| Provided material |
# # # # # # #

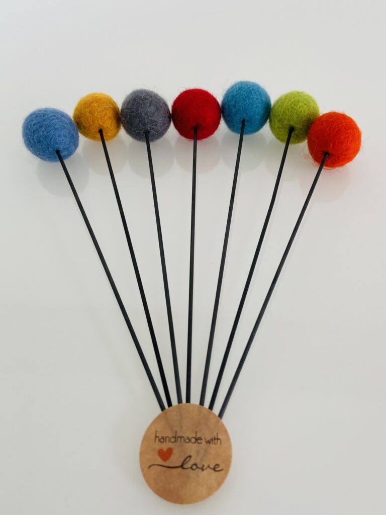 Filzkugelblumen sind handgefertigte Dekorationselemente, die aus Filzkugeln hergestellt werden. Die Kugeln werden zu einer Blume geformt und auf Drahtstiele befestigt. Filzkugelblumen gibt es in verschiedenen Größen und Farben, was sie zu einer vielseitigen Dekorationsmöglichkeit macht. Die Verwendung von Filz als Material macht Filzkugelblumen zu einer umweltfreundlichen Wahl, da Filz ein nachhaltiges und biologisch abbaubares Material ist. Filzkugelblumen können für viele verschiedene Zwecke verwendet werden, wie z.B. als Tischdekoration für Partys oder Hochzeiten, als Geschenke für Freunde oder Familienmitglieder oder als Dekoration für das Zuhause. Filzkugelblumen sind eine einzigartige und originelle Ergänzung für jeden Raum und können dazu beitragen, eine warme und gemütliche Atmosphäre zu schaffen.
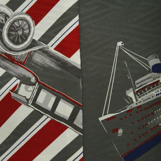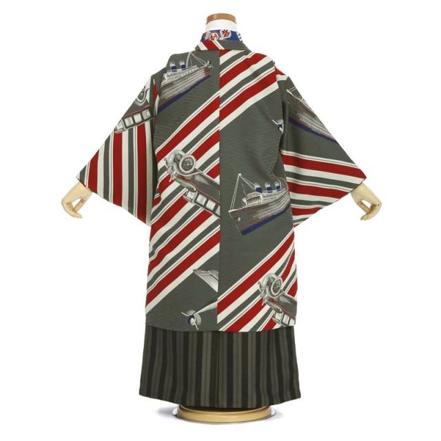モダンアンテナは現代的なモダニズムやコンテンポラリーデザインを着物に落とし込むデザインスタイルで革新的なデザインの着物を世に送り出してるブランドです。そんなモダンアンテナが七五三の晴れ着をデザインしました。モダンアンテナらしい刺激的でおしゃれなデザインですね。男の子が大好きな乗り物をレトロで可愛くデザインし絶妙なバランスで和と洋を調和させています。文明開化をしたばかりの明治時代のような印象があるモダンなデザインですね。色味を抑えた色調でシックな印象をプラスしているので奇抜になりすぎず、伝統的なイベントにふさわしい品格を損ないません。羽織の地布には紗綾形(さやがた)と呼ばれる吉祥文様を織り込んでいます。仏教で用いられる吉祥の印である卍(まんじ)が限りなく続く紗綾形は家の繁栄や長寿などの意味が込められています。かすかに見える紗綾形がお着物に深みのある印象を与えてくれます。ただ奇抜なだけではなく伝統にのっとった礼服としての原則を守るデザインは、しきたりを受け継ぎつつ新しい未来へと歩みを進めるお子さまの成長のお祝いにぴったりです。5歳の年頃だからこそ着こなせる元気いっぱいのキッチュなおしゃれを楽しみましょう。
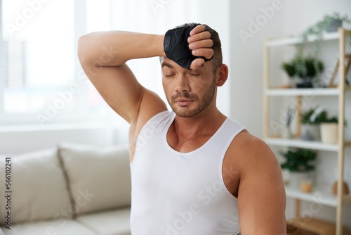 Man sports home training on the floor on a mat with dumbbells, exercises for muscle growth, pumped up man fitness trainer exercises at home, the concept of health and beauty of the body

# # # # # # #

| About this task |
In your copy, leave out the pictures and reproduce the material above exactly.

| Output for this exercise |
 Filzkugelblumen sind handgefertigte Dekorationselemente, die aus Filzkugeln hergestellt werden. Die Kugeln werden zu einer Blume geformt und auf Drahtstiele befestigt. Filzkugelblumen gibt es in verschiedenen Größen und Farben, was sie zu einer vielseitigen Dekorationsmöglichkeit macht. Die Verwendung von Filz als Material macht Filzkugelblumen zu einer umweltfreundlichen Wahl, da Filz ein nachhaltiges und biologisch abbaubares Material ist. Filzkugelblumen können für viele verschiedene Zwecke verwendet werden, wie z.B. als Tischdekoration für Partys oder Hochzeiten, als Geschenke für Freunde oder Familienmitglieder oder als Dekoration für das Zuhause. Filzkugelblumen sind eine einzigartige und originelle Ergänzung für jeden Raum und können dazu beitragen, eine warme und gemütliche Atmosphäre zu schaffen.
モダンアンテナは現代的なモダニズムやコンテンポラリーデザインを着物に落とし込むデザインスタイルで革新的なデザインの着物を世に送り出してるブランドです。そんなモダンアンテナが七五三の晴れ着をデザインしました。モダンアンテナらしい刺激的でおしゃれなデザインですね。男の子が大好きな乗り物をレトロで可愛くデザインし絶妙なバランスで和と洋を調和させています。文明開化をしたばかりの明治時代のような印象があるモダンなデザインですね。色味を抑えた色調でシックな印象をプラスしているので奇抜になりすぎず、伝統的なイベントにふさわしい品格を損ないません。羽織の地布には紗綾形(さやがた)と呼ばれる吉祥文様を織り込んでいます。仏教で用いられる吉祥の印である卍(まんじ)が限りなく続く紗綾形は家の繁栄や長寿などの意味が込められています。かすかに見える紗綾形がお着物に深みのある印象を与えてくれます。ただ奇抜なだけではなく伝統にのっとった礼服としての原則を守るデザインは、しきたりを受け継ぎつつ新しい未来へと歩みを進めるお子さまの成長のお祝いにぴったりです。5歳の年頃だからこそ着こなせる元気いっぱいのキッチュなおしゃれを楽しみましょう。
 Man sports home training on the floor on a mat with dumbbells, exercises for muscle growth, pumped up man fitness trainer exercises at home, the concept of health and beauty of the body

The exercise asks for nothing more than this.